Obrolan makan siang saya beberapa waktu lalu membahas sulitnya lapangan kerja hari ini. Berdasarkan pengalaman teman ngobrol saya yang merupakan karyawan yang sudah senior, setidaknya  10 tahun lalu lapangan kerja tersedia lebih banyak ketimbang sekarang, bahkan beliau agak pesimistis dengan persaingan kerja di masa depan untuk anaknya yang baru akan memulai pendidikan sarjana. Sudah barang tentu hal ini juga terjadi pada teman-teman fresh graduate saya, masih banyak diantara mereka yang menganggur.

Namun ternyata kenyataan yang kami rasakan ini berbeda dengan data BPS. Data BPS justru menunjukan tingkat unemployement mengalami penurunan yaitu hanya 5,13% pada februari 2018, pengangguran di klaim turun dibandingkan tahun lalu.

Lalu apakah yang sebenarnya terjadi, apakah kita sedang dibohongi oleh data?

Menurut definisi BPS Penganggur terbuka, terdiri dari:

  • Mereka yang tak punya pekerjaan dan mencari pekerjaan.
  • Mereka yang tak punya pekerjaan dan mempersiapkan usaha.
  • Mereka yang tak punya pekerjaan dan tidak mencari pekerjaan, karena merasa tidak mungkin mendapatkan pekerjaan.
  • Mereka yang sudah punya pekerjaan, tetapi belum mulai bekerja.

Sementara itu menurut definisi Wikipedia, pengangguran atau tuna karya adalah istilah untuk orang yang tidak bekerja sama sekali, sedang mencari kerja, bekerja kurang dari dua hari selama seminggu, atau seseorang yang sedang berusaha mendapatkan pekerjaan yang layak.

Jadi menurut Wikipedia jika seseorang bekerja kurang dari  dua hari dalam seminggu maka orang tersebut tidak dianggap bekerja atau menganggur. Tentu saja kalau pengangguran hanya didefiniskan untuk mereka yang sama sekali tidak bekerja angka pengangguran akan menjadi lebih kecil.

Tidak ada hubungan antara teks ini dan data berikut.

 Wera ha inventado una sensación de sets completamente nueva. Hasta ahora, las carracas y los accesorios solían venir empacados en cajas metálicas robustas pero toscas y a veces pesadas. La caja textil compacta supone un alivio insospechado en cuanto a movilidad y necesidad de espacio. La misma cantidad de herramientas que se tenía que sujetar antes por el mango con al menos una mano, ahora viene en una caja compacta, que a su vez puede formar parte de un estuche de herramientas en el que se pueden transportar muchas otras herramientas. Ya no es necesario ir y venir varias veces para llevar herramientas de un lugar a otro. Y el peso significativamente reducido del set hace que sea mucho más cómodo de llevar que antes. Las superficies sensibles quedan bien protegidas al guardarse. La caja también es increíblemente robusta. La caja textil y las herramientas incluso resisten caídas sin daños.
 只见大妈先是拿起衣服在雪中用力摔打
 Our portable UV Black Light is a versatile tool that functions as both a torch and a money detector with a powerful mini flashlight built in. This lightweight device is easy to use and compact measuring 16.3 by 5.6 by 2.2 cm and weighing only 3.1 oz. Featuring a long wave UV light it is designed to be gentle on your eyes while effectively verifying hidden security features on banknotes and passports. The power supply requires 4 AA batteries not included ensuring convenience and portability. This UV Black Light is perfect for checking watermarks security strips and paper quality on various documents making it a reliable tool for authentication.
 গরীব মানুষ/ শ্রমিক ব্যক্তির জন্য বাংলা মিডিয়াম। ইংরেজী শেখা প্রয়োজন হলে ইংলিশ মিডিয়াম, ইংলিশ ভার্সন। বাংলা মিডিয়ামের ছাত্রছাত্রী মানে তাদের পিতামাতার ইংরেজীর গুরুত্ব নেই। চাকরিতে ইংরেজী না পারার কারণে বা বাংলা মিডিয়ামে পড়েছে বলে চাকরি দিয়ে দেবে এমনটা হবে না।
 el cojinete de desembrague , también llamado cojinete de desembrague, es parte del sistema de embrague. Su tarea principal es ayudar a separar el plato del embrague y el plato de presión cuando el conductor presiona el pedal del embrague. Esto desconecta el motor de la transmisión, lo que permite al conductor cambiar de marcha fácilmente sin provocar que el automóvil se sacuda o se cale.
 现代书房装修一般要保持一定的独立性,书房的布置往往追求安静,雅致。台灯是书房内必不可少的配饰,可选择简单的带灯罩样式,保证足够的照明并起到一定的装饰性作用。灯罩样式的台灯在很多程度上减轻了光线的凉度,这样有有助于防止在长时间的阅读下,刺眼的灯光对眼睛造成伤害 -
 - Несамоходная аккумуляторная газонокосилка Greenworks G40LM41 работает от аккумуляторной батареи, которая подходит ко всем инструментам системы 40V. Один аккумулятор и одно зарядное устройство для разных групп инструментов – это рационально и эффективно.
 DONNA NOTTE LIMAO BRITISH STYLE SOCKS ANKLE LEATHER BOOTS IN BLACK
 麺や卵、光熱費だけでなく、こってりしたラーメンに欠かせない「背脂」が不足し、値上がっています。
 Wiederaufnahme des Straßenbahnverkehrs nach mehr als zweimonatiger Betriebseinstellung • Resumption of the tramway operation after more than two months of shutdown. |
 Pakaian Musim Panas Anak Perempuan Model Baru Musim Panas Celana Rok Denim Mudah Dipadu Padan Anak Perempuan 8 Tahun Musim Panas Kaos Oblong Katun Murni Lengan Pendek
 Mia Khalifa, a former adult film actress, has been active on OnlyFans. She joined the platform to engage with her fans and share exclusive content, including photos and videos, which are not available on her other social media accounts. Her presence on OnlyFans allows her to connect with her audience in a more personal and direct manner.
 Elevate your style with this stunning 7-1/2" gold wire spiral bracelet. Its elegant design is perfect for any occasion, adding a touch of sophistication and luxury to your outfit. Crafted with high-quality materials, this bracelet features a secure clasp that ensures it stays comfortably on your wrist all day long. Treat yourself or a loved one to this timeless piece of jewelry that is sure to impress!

Sementara itu menurut Kadin (kwartal III 2017) selama 10 tahun terakhir lebih Indonesia mengalami deindustrialisasi. Dalam hal ini disebutkan bahwa bukan berarti sektor industri tidak tumbuh, hanya saja pertumbuhannya kalah dibandingkan dengan sektor-sektor lain.

Inilah yang kemudian menyebabkan jumlah engineer yang terus dihasilkan oleh universitas tidak sebanding dengan pertumbuhan daya serap sektor industri di Indonesia, Walhasil semakin jamak kita temui sarjana-sarjana teknik di  sektor-sektor jasa, seperti perbankan misalnya.

infografis21Perubahan Industri ke-4

Jika kita menelisik lebih dalam lagi ternyata tidak hanya tren perkembangan sektor-sektor ekonomi yang mengalami perubahan namun didalamnya ada perubahan yang lebih besar lagi yang sedang terjadi. Perubahan yang menyebabkan sebagian pekerjaan yang ada mulai menghilang. Pabrik-pabrik sudah semakin canggih, tentu saja pekerjaan-pekerjaan manusia yang ada disana menghilang digantikan oleh mesin dengan sistem terotomasi. Kita kemudian semakin familiar dengan istilah smart factory, smart plant. Kalau ada ponsel pintar lalu muncul pula pabrik pintar dengan adanya IoT dan Data Mining.

Sektor industri tidak dapat menghindari perubahan ini, mereka sedang berlomba mencerdaskan pabrik-pabriknya karena sedang memasuki apa yang disebut sebagai revolusi industri 4.0.

Disruption

Kembali ke persoalan pekerjaan dan kekhawatiran rekan saya diatas. Ternyata kekhawatiran itu bukanlah sebauh ketakutan orang tua biasa saja, karena menurut  salah satu komisi yang dibentuk PBB – On Financing Global Opportunity – The Learning Generation (Oktober 2016). Disebutkan, dengan pencepatan teknologi seperti saat ini, hingga tahun 2030, sekitar 2 miliar pegawai di seluruh dunia akan kehilangan pekerjaan.

Lantas apakah serta merta dengan pekerjaan yang menghilang tidak ada lagi yang bisa dilakukan. Ternyata tidak, justru pekerjaan-pekerjaan baru akan bermunculan. Seperti pekerja pabrik tadi yang akan kehilangan pekerjaan dengan adanya smart factory. Ditempat yang sama akan dibutuhkan pekerjaan sebagai ahli IoT, system analyst, dan sebagainya.